Мы вместе готовились к экзаменам, гуляли по вечерам на бульваре Капуцинов, прозванном так в шутку студентами сквере возле общежития Литинститута на ул. Дмитриевой. Вместе «отмечали» удачную сдачу экзамена, вместе отдыхали в Серебряном Бору…
Кроме книжек, Женя брал с собой свою рукопись. Писал он тогда роман «Тысячелетний дождь». Почитает, почитает учебник — попишет,
Меня поражало его умение писать в такой обстановке. Мы тут резвимся на песке, он вроде с нами вместе зубоскалит, купается, а чуть затишье — пишет. Мы загораем на солнышке или млеем в тени, а он — строчечка к строчечке, абзац за абзацем. Мы подтруниваем над ним, а он похехекивает и пишет себе. И вдруг, как снег на голову, — приезжает с корректурой повести «Грибы на асфальте». Эта совершенно замечательная, искрометная сатирическая повесть с лирическим уклоном готовилась к выходу в журнале «Подъем» в май — июньском номере 1964 года.
Он всех нас сразил своими «Грибами…». Солидный, уравновешенный, спокойный, серьезный — и вдруг такой фейерверк юмора. Мы на него смотрели, как на восьмое чудо света.
Третьим в нашей комнате был Сеня Кудинов. Этот — прямая противоположность Жени: шумный, беспардонный, самовлюбленный, грубоват и навязчив. Хотя тонкий поэт-лирик.
В своих произведениях, как и в обыденной жизни, Женя был неистощим на выдумки.

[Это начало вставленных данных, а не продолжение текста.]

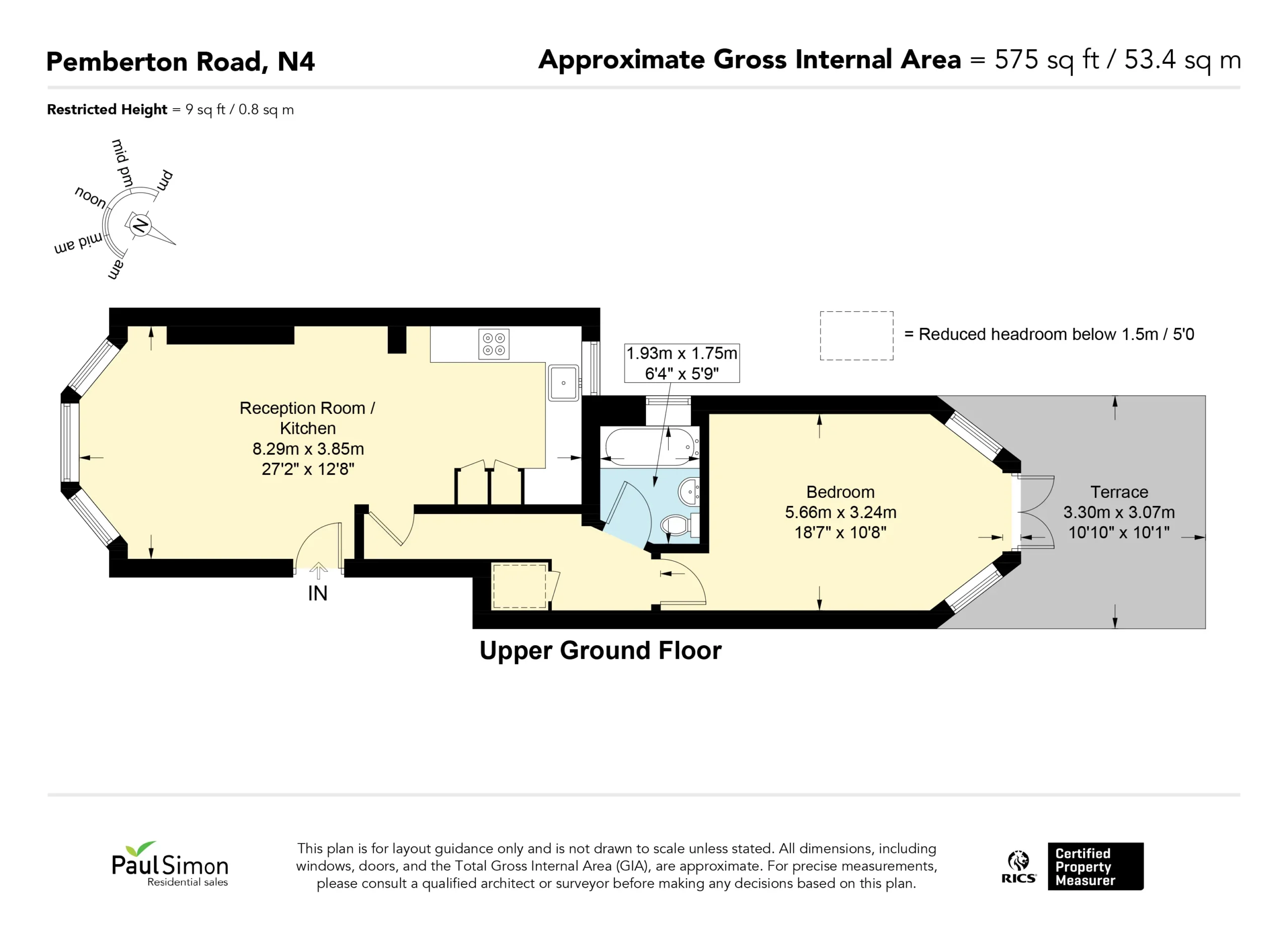 Internally the property features high ceilings with a 27ft bright and airy modern reception/Kitchen diner with double glazed sash windows, one double bedroom, modern fitted kitchen and contemporary bathroom. Furthermore this property benefits from a Share of Freehold.

Вот его первая книга «Грибы на асфальте». В ней он как бы с сочувствием и даже вроде с любованием изображает целую плеяду пронырливых мальчиков — интеллектуалов, которые решили любыми правдами и неправдами остаться после института в городе. Они даже создали смешное общество грибов — городовиков (сокращенно — ОГГ) во главе с пройдохой и выдумщиком Вацлавом Кобзиковым. На какие только ухищрения они не пускались, чтоб зацепиться за город, не возвращаться в село, И им что — то
вроде удается. Словно грибы — поганки, пробиваются они сквозь городской асфальт. Отсюда «Грибы на асфальте». В самом названии — четкая позиция автора. Хотя по тексту изобилуют места симпатии и даже любования автора смешными похождениями неунывающих героев. Лихими выдумщиками, целеустремленными, нахрапистыми ребятами.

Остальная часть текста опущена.